— Иди в люди, не бойсь. Наша власть не даст пропасть, будешь человеком. Только помни одно: кем ты ни будь, а честь держи чище зеркала. Дядько твой против Шкуро с самодельной пикой ходил, другой с Сиваша не вернулся. Писал его командир — ахнул герой под Каховкой аглицкую таньку бомбой. Помни это.
«Сюда бы тебя, дед Клим.
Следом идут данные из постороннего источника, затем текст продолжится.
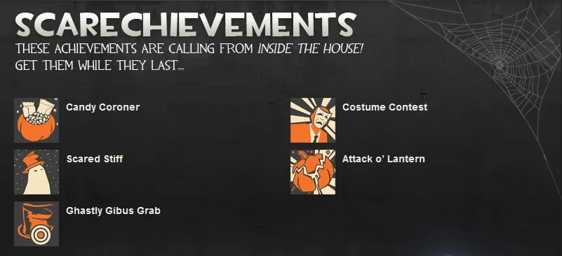 Встречайте, если у вас хватает смелости, первый специальный выпуск Team Fortress: Хэллоуин преследует нас! Пять новых достижений дадут вам возможность получить Раздражающие Хеллоуинские Шапки - потрепанные, жутковатые в своей безнравственности, враждебные и чудовищные настолько, что человеческий глаз не может этого воспринять и наверняка, в целях самосохранения, покажет их вам как бумажные пакеты с нарисованными на них рожицами. Тем не менее, эти рожицы тоже довольно страшные, так что, приготовьтесь к ужасам! [слышно хлопанье крыльями]
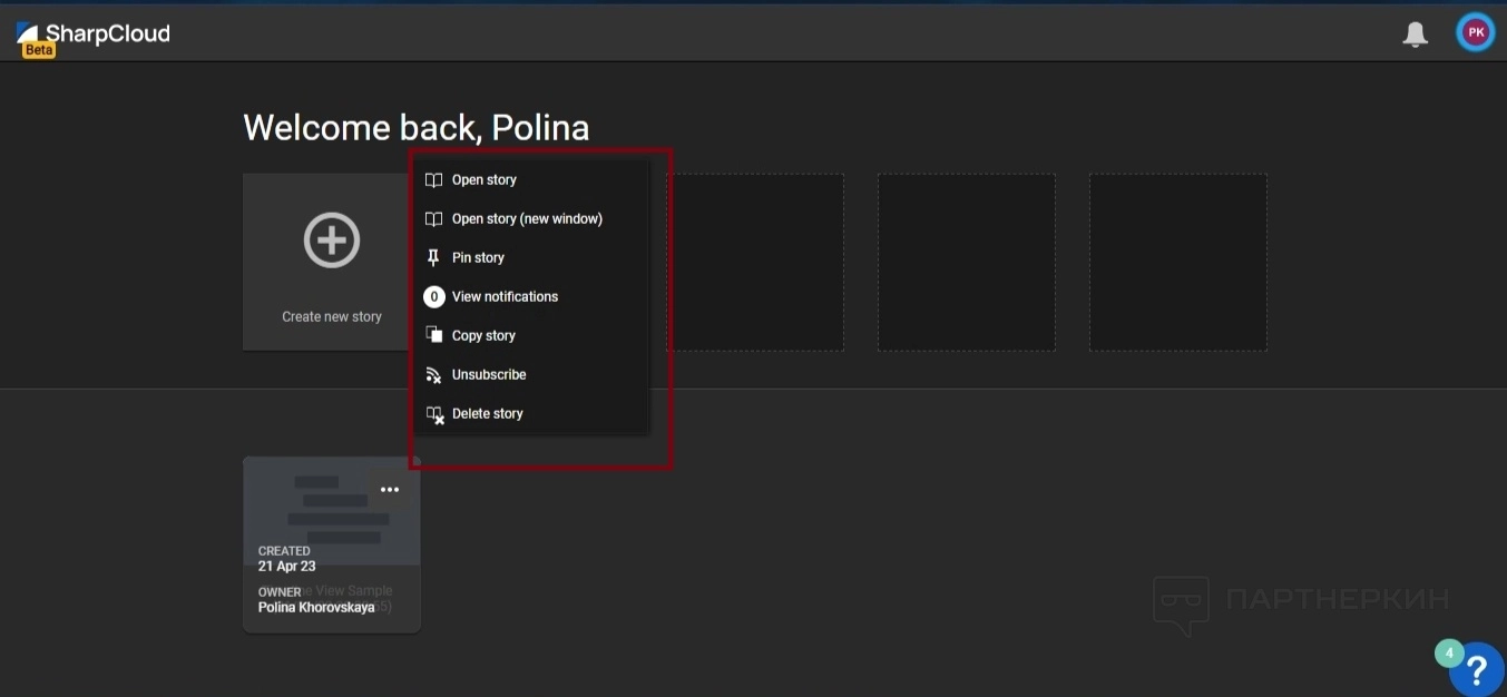 Сохраненный проект будет отображаться на главном экране сервиса. Как говорилось выше, его можно добавить в избранное, а также удалить, открыть для дальнейшей работы или просмотреть изменения, копировать и ограничить доступ.

Поглядел бы ты на моих товарищей, может, поклонился бы ты им, дед»,— думаю я, вспоминая, как под Каменкой старшина-сверхсрочник занимал на шоссе оборону с горсткой пехотинцев — остатками полка, как Кривуля со своими пушечками поджидал в подсолнечнике, пока гитлеровские танки вплотную подойдут к нему, как лейтенант Фролов с окровавленной головой летел в атаку на подбитой машине, как резервные танкисты бросались с гранатами в руках на фашистские танки,— и думаю, что все ясно, надо лишь честно выполнять свой долг.
Только задремал, как почувствовал сильный толчок. Странно, что первой моей мыслью было: землетрясение. Танк подпрыгивает и качается, на лицо сыплются сучья и листья. Близко разрывается бомба, и сознание мгновенно проясняется. Мысленно ругаюсь: «Фу, черт, забыл, что на фронте».
Из башни вылезает Никитин и во всю силу легких кричит:
— Командир, вставайте! Тревога! Скорей в машину!
Но я уже и сам хочу скорее скрыться в танк. Кричу Никитину: «Назад!» и, как щука, ныряю в люк. Вовремя.
Не успел я повернуться и башне, как по обе стороны танка раздались взрывы и он закачался, наполнился песчаной пылью, запахом пороховой гари.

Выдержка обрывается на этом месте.